2. — Можно предложить кое-какие даты: в них мы могли бы разглядеть самые общие черты аналитической истории того, каким образом начали описывать секс, отсекая тем самым изнанку всех наших дискурсов. Например, 1783 год, совершенно очевидно, является годом незримого буржуазного революционного переворота, и одновременно, абсолютно непостижимого несокрушимого письма де Сада. Но кто в тот момент был в состоянии все это проартикулировать? Никто. Впрочем, речь здесь идет только о том, чтобы высказать некоторое предположение, что и в наши дни (1970), когда рождаются эти строки, мы, вполне возможно, понимаем далеко не все, однако факт прерывистой продолжительности совершающейся революции — на сей раз она отказалась от какого-либо сюжета и переродилась в массовую — и материалистического письма, которое дублирует ее все более сознательно, снова подводит нас, правда, несколько иным образом, к ситуации исторической неизбежности. Текст Сада, таким образом, лучше всего было бы разместить на самом краю предыдущего временного кольца, которое в данный момент уже почти замкнулось. Другой пример. Можно считать, что чтение Сада было начато лишь в 1931 г., когда Морис Эйн написал: «Стоит пожалеть тех, кто в правильном стремлении к самому жестокому анализу бытия способен или сознательно желает обратить внимание лишь на непристойности, соответствующие их уровню развития. Естественно, грубый луч, брошенный в самые интимные уголки того, что обычно принято называть душой, должен казаться им еще более невыносимым, чем мягкий свет психоаналитических концепций». Само собой, эта фраза уже давно устарела. Следует избегать всего, что могло бы отослать Литературу к «бытию». Впрочем, психоанализ, кажется, снова становится целью обычных ожесточенных нападок.
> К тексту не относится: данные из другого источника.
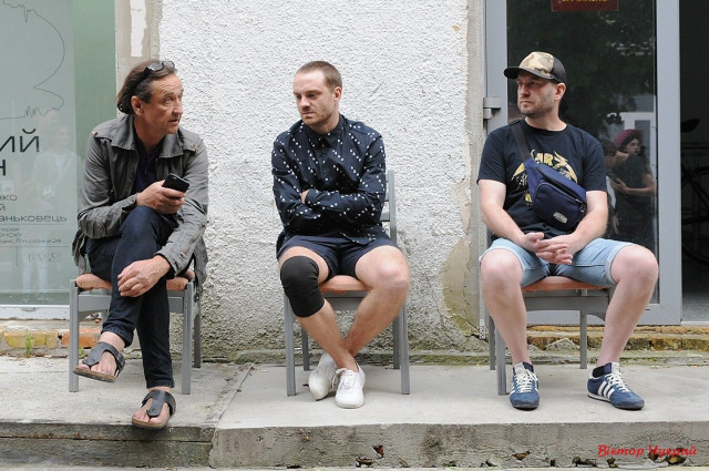Сергій Корсай: «Це вдала ідея, яку вже пропонують практикувати кожен місяць (сміється). У кожного в нас – своя ідея, але ми зійшлися на спільному творенні. Наприклад, у мене вона така: я вже багато десятків років ходжу в цю галерею, і мені страшенно подобається тут відкриття виставок. Це дуже круто, бо тут можна легко поспілкуватися з тими людьми, з якими хочеш. Але мене найбільше дратує на відкритті невідповідність багатьох картин. Як на мене, у нас багато старого, пережованого... Ми придумали, як це обійти – ми робимо виставку без картин. Таким способом ми відразу перейдемо до нашого спілкування».

В то же время кого в наши дни, после книги «Эдем, Эдем, Эдем» надлежит жалеть?
3. — Еще одна иллюстрация: уже более близкий нам Бланшо пишет: «В лице Сада — а его фигура наводит на самые парадоксальные размышления — мы имеем первый пример (однако был ли второй?) того, как манера письма, свобода письма, может вдруг совпасть с реальной свободой, когда та переживает кризис и в истории появляется вакантное место». От себя добавим, исключительно для тех, кто способен это понять: текст, подписанный Пьером Гийота, появился во Франции в 1968 году не случайно.
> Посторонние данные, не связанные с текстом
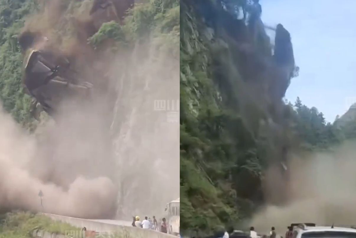 一段影片中共有3段民眾拍攝的畫面,受到瀘定地震影響,峨邊公路旁的山體突然崩落,大量塵土和巨石直接砸向路面,民眾紛紛逃開,站在遠處目睹災害發生的人則是發出驚呼。

4. — Переплетение — история/литература (речь, естественно, идет не о какой-то абстрактной «литературе»). Ее основа: исторический материализм. Борьба классов и секс проходят через всю человеческую историю красными нитями. 1869: Песни Мальдорора. 1871: Парижская Коммуна. 1884: Происхождение семьи, частной собственности и государства, где Энгельс отмечает: «Мы движемся теперь ксоциальной революции, в которой современный экономический фундамент моногамии исчезнет точно так же, как и сопутствующее ей явление: проституция». Это переплетение порождает его учение.
5. — Не нужно забывать того, о чем нам ежесекундно напоминает поразительная мощь «Эдема»: «необходимо во всем исходить из радикального несоответствия мысли и секса, дабы не стать жертвой того, чем Фрейд угрожал Юнгу, а именно: «вязкого болота оккультизма». (Лакан)
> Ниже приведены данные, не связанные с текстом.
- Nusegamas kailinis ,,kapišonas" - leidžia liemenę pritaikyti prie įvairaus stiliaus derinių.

6. — Отвергать одновременно цензуру и контр-цензуру: одна — моральная, вторая — психологическая. То есть отвергать эксплуатации сексуальных образов (сексуальность вместо секса). Упорно отвергать, повторяя себе это столько раз, сколько требуется, любую сублимацию и, в частности, ту, которая способна являться в виде псевдо-наготы. Цензура — торможение в первой степени. Контр-цензура — подавление второй степени (жеманность, эротизм).
7. — Беспрерывно утверждать материалистическое основание. Впрочем, материализм все еще подавляют и, следовательно, он способен заявлять о себе лишь под маской чудовищности, о которой пока никто не имеет ни малейшего представления. Ибо он, в конечном счете, еще более чудовищен: полная очевидность, противостоящая бесконечности той же вселенной. Что-то вроде дионисийской тяги к потрясениям: «Облаченный в священные одеяния, он алчет крови агонизирующих козлов, одержимый неуемной жаждой сырой плоти». (Эврипид). Но никакого мифа, никакого бога. Вечное возвращение к животному. Только описание взрыва в пустыне.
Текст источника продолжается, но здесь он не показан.